> **Exercise instructions**
Below is a listing to write out in full, exactly as given, without its pictures.

> **Collected material**
┌────────
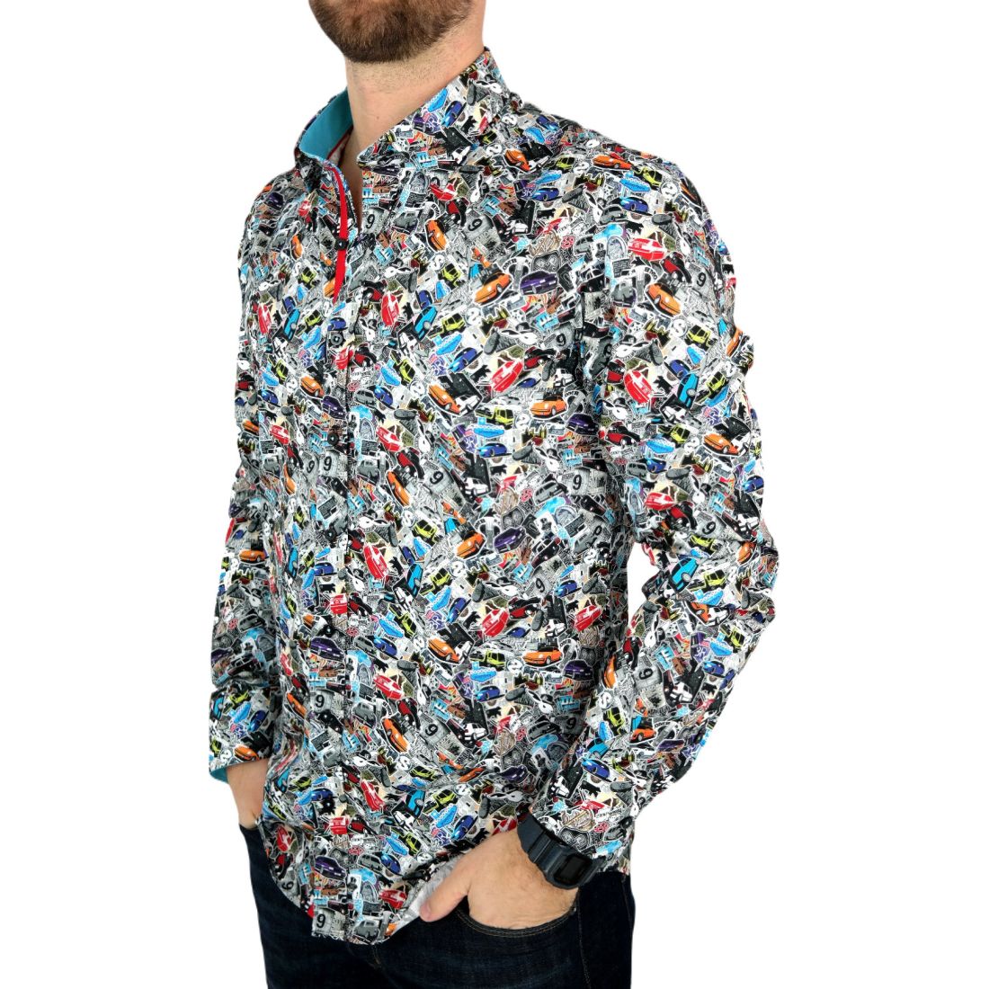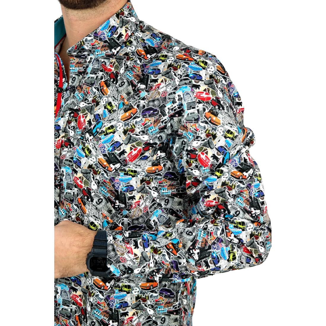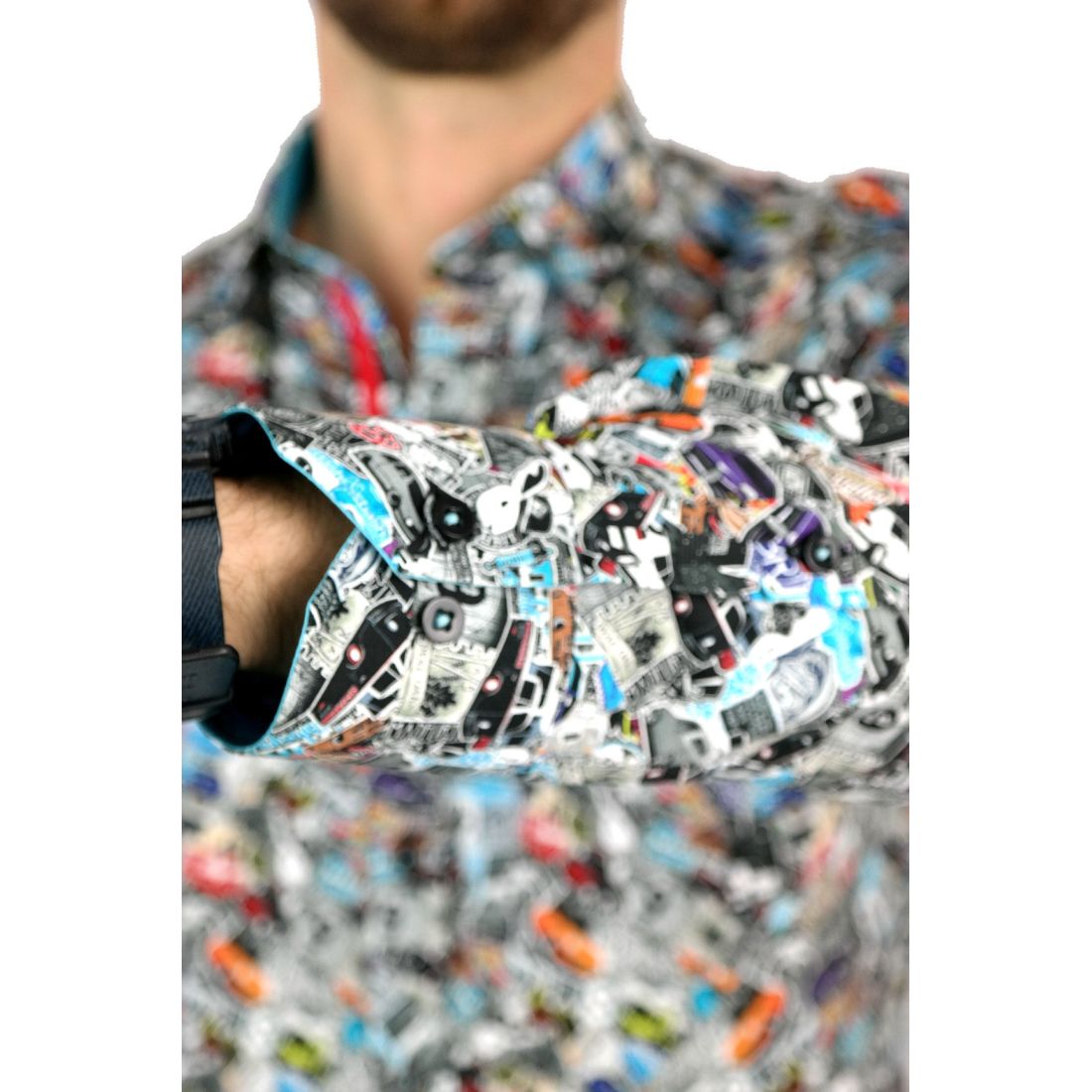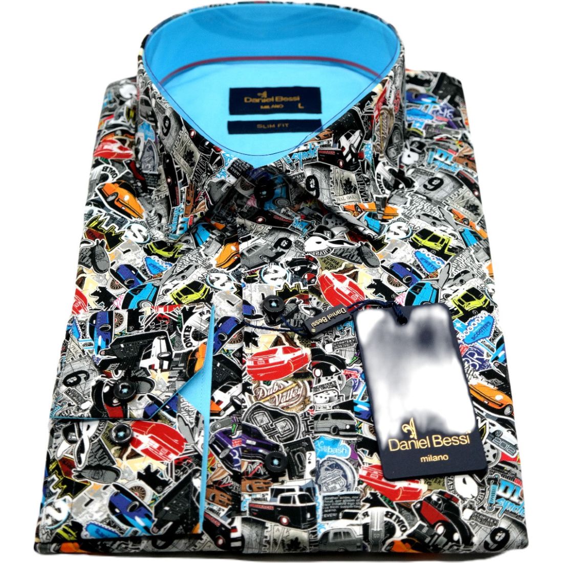 DANIEL BESSI Koszula męska fb605 ekskluzywna panterka kwiaty kolorowa
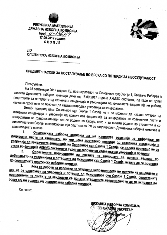 Претходно ДИК информира дека дала насоки до општинските изборни комисии да не изготвуваат решенија за отрфлање на кандидатурите кои немаат потврда од кривичната и казнената евиденција од скопскиот кривичен суд сè додека не проработи системот на Судот, а кога ќе се оспособи системот и ќе може да ги добијат потврдите за неосудуваност, кандидатите веднаш да ги достават до надлежната ОИК.
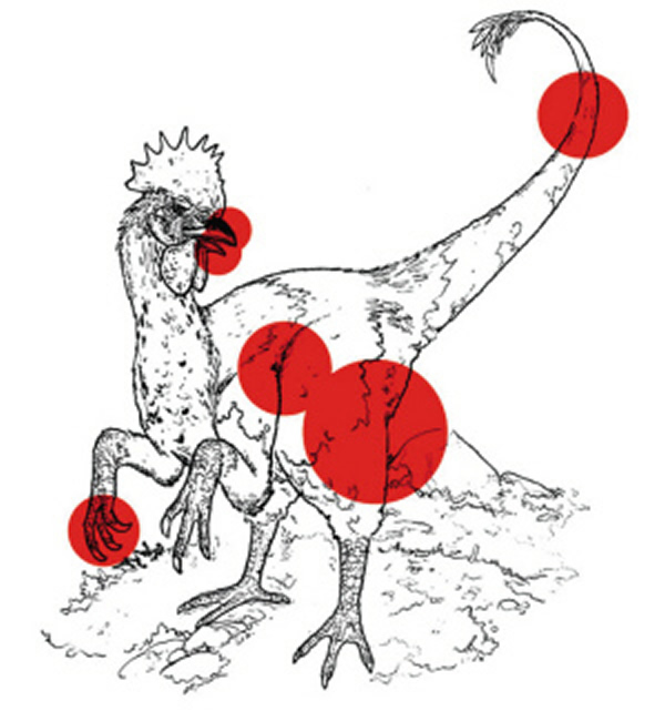 恐龙鸡模拟图,红点表示重点改进部位。
└────────
> **Task output**
 DANIEL BESSI Koszula męska fb605 ekskluzywna panterka kwiaty kolorowa
 Претходно ДИК информира дека дала насоки до општинските изборни комисии да не изготвуваат решенија за отрфлање на кандидатурите кои немаат потврда од кривичната и казнената евиденција од скопскиот кривичен суд сè додека не проработи системот на Судот, а кога ќе се оспособи системот и ќе може да ги добијат потврдите за неосудуваност, кандидатите веднаш да ги достават до надлежната ОИК.
 恐龙鸡模拟图,红点表示重点改进部位。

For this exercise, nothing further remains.